The resistance to Darwin’s ideas on evolution by natural selection expressed by some in the West — both 150 years ago and even now — is well known…. But how did Darwin go down in Japan, as it started trading and interacting with Western powers?
Lacking Christianity, there wasn’t the religious opposition and controversy in Japan that scandalized people in Victorian England (and still hinders understanding of evolution).
Instead, a society based on Shinto and Buddhism apparently easily accepted Darwin. Some historians have also said that because Japanese people share their country with a nonhuman primate — the Japanese macaque — it made it easier for them to understand and accept evolution. … The Japan Times Online
Sunday, January 11, 2009 at 1:01
Most Japanese worship nature. Maybe that’s why they were open to the evolution theory. What do you think Bill?

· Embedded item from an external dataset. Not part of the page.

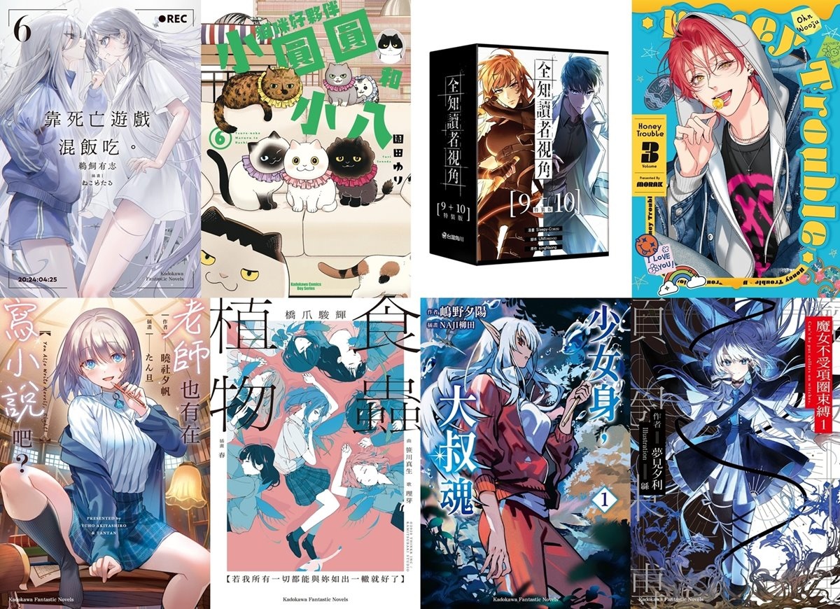 台灣角川「2025銀河祭」近期推薦強檔新書 ——日本動畫預定 2026 年 1 月開播的《靠死亡遊戲混飯吃。(6)》【特裝版】、流浪貓雙主角再度登場的感人系列《貓咪好夥伴小圓圓和小八 (6)》【特裝版】、全球矚目的韓國現象級奇幻鉅作《全知讀者視角 (9+10)》【特裝版】、萬眾矚目的韓國BL話題作《Honey Trouble 3》【特裝版】、以現實與虛構交錯為主題的《老師也有在寫小說吧?》、以跨界合作再現青春共鳴,改編自超人氣歌曲的小說《食蟲植物【若我所有一切都能與妳如出一轍就好了】》、顛覆定番公式的奇想轉生喜劇《少女身,大叔魂 (1)》、第 30 屆電擊小說大賞「大賞」得主《魔女不受項圈束縛 (1)》……等,眾多精彩作品將於近期陸續上市。
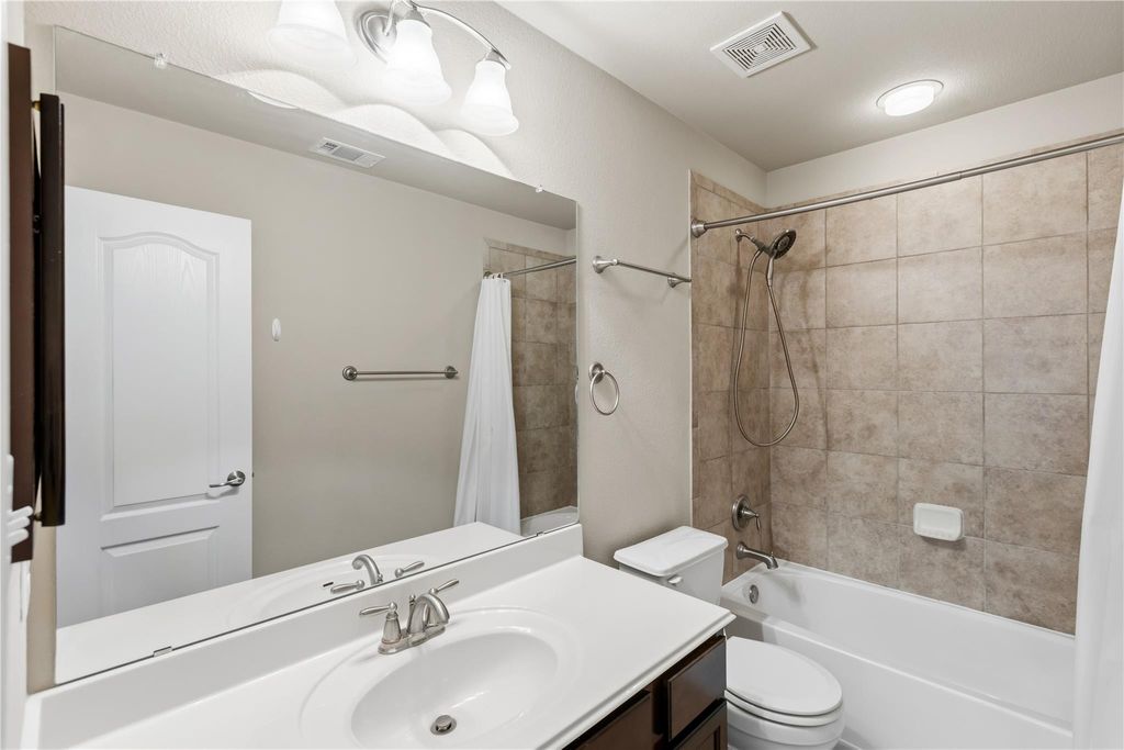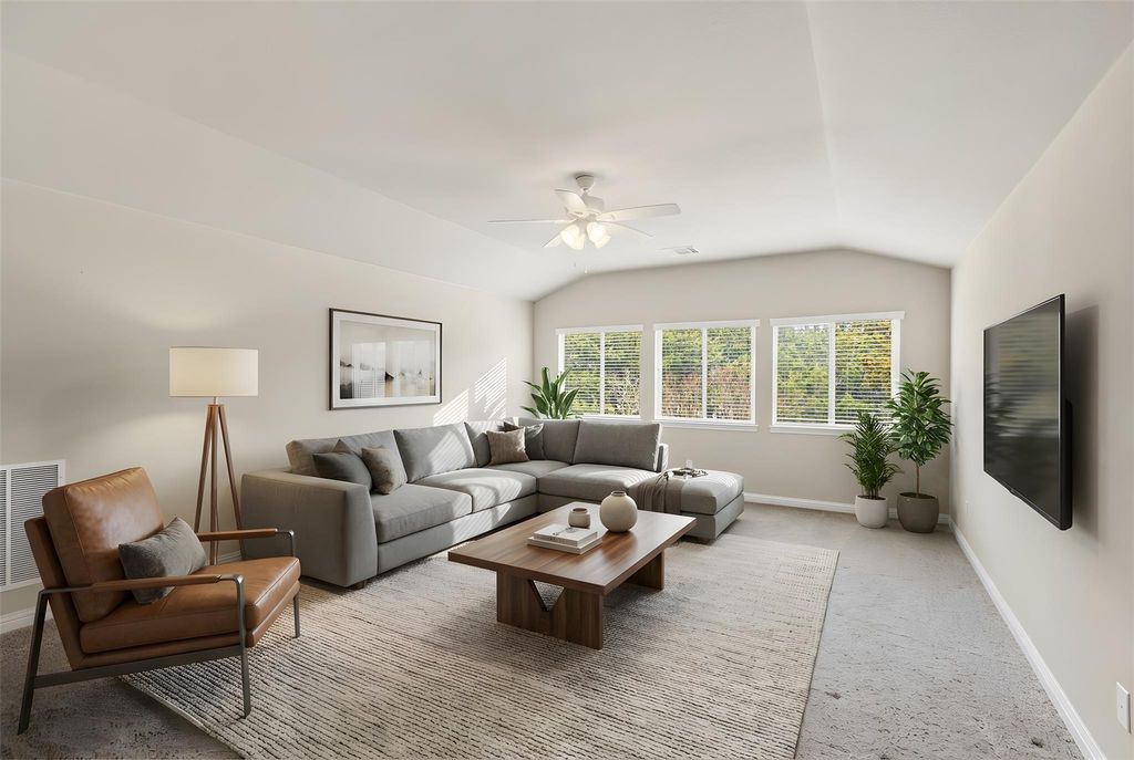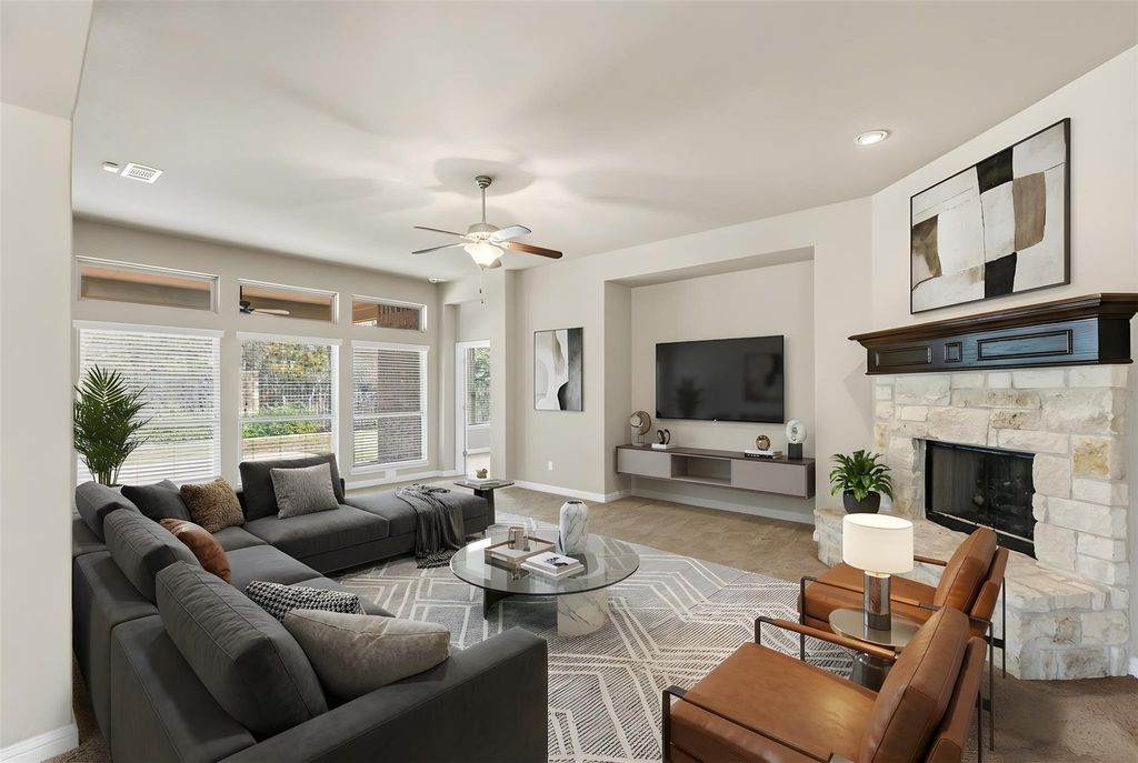 Beautifully maintained and move-in ready, this Falconhead West home offers the ease of primarily single-story living with thoughtful flexibility. The main level features four bedrooms and two baths, while upstairs you'll find a spacious bonus room, an additional bedroom, and a full bath - perfect for guests or a private retreat. The bright family room showcases a stone corner fireplace and a wall of windows that fill the space with natural light. The spacious kitchen, with island, features granite countertops and abundant cabinetry. The private primary suite includes a soaking tub and separate shower. Enjoy low tax rates and exceptional community amenities, including golf access, greenbelts, scenic trails, and playgrounds.

About 85% of Japanese claim to practice a mix of (or both) Shinto and Buddhism, so you may well be right. The animistic religions have no dogma that would prevent the adoption of new ideas, which are usually superposed on the old without prejudice to either. A refreshing attitude when compared to Western philosophy, wherein ideas are, for the most part, presumed to be either right or wrong, and one or the other must prevail.
As those who have looked within know, polarization — black and white thinking — is the root of much suffering, for it is the cause of most unhappiness: I must be right, because if I’m wrong the whole house of cards on which I’ve built my beliefs might be wrong, too. It is hard for our psyche to accept that possibility.
Far better, as the Buddha said, to accept no authority, but only thos things that we have examined with our own common sense. In the case of evolution, however, the examination requires a fairly thorough knowledge of the science behind it, which most folks — in the US at least — lack in abundance.